主人公はゲームデザイナーの僕こと七郎。今年の正月明けに離婚届を出したが、今なお元妻は電話やメールをしてくる。人には元妻といえるのに、自分の意識のうちでは妻のままだ。未練や執着ではないつもりだが、次の恋愛がはじまらないと呼称も更新されない感じがしている。友人の津田はなんだか彼女のことを気にしている。狙っているというのと違って、興味深いという感じ。特に僕との不和を知ってから興味が増したようだ。

なべてこの世はラブとジョブ、それが津田の座右の銘だ。津田は女を口説くときに予算をきる。五十万から、多いときは百万円。津田が社長だからだ。実際には百万円も使うことなくオトしてしまう。オトしたという報告も、律儀になされる。どこまでいけばオトしたことになるのか。とりあえずは、挿入だよ。ふにゃふにゃと津田はいった。
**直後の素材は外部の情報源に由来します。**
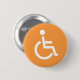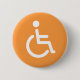 Button featuring a white and orange disabled sign or handicap symbol featuring a handicapped man sitting down in a wheelchair. This symbol is used for handicap parking, toilets for disabled and handicapped persons and more. Also available in other colours.
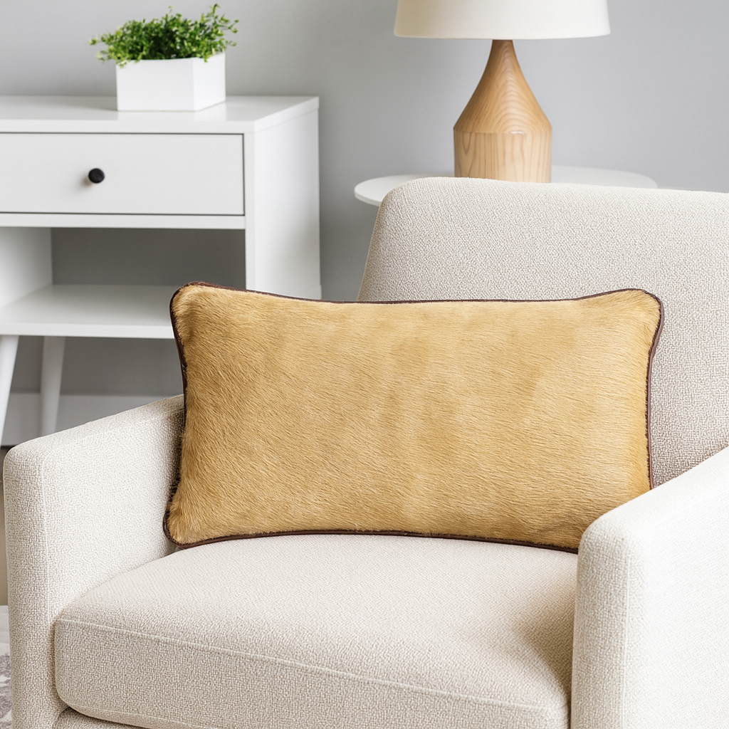 Cow hide leather in soft golden hues.
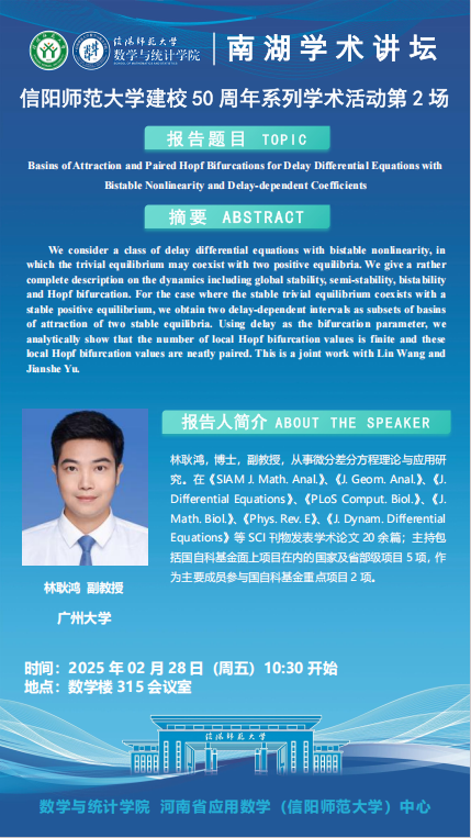 庆建校50周年之南湖讲坛: 广州大学林耿鸿副教授——Basins of Attraction and Paired Hopf Bifurcations for Delay Differential Equations with Bistable Nonlinearity and Delay-dependent Coefficient
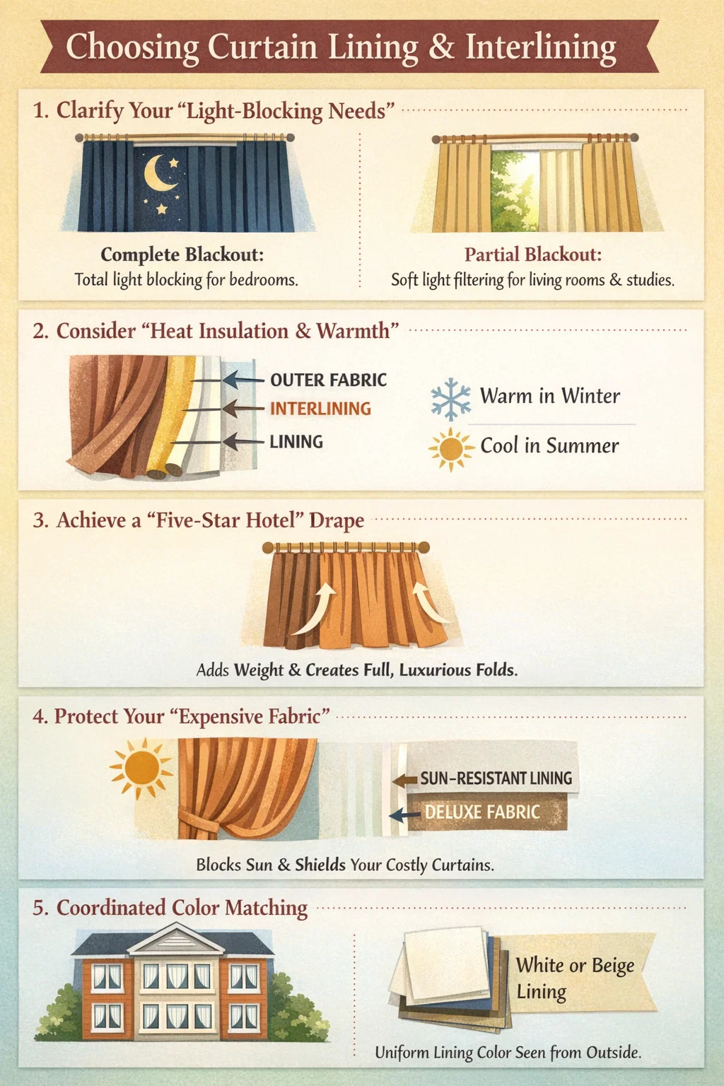 Wybór podszewki zasłonowej i interlinizacja to jak ubieranie zasłon w „bieliznę” i „odzież wierzchnią”. Zewnętrzny materiał decyduje o tym, jak pięknie wyglądają zasłony, podczas gdy te dwie wewnętrzne warstwy decydują o ich funkcjonalności i dobrym drapowaniu.
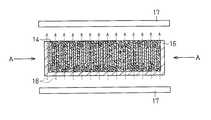 組成物に印加される磁場の方向は、組成物中の繊維状充填材14に応じて適宜設定される。例えば、図2においては、磁場発生装置の一対の磁極17が型16の下方及び上方に配設されている。このとき、一対の磁極17の間には、成形体11の厚さ方向の沿うように直線状の磁力線18が発生する。繊維状充填材14が反磁性体である場合、組成物に磁場が印加されることにより、繊維状充填材14は、磁場の方向と反対方向に磁化されて磁力線18に沿って配向される。また、繊維状充填材14の結晶構造の結晶方位に依存して繊維状充填材14の磁化率が異方性を持つ場合、繊維状充填材14は、磁化率の異方性に従って配向される。 The direction of the magnetic field applied to the composition is appropriately set according to the

さて、似ていない男二人がメインの「パラレル」だが、場面が次々と飛ぶ。現在の話から、ふっとその日の日中に場面が変わり、また今いる場面に戻ってくる。それだけでなく、離婚前後や大学時代にまで戻ったりもする。時系列の展開がパラレルになっているのだ。また登場する女性たちもパラレルである。キャバ嬢のサオリ、ゲーマーの女、唇の赤い女、そして、前奥と。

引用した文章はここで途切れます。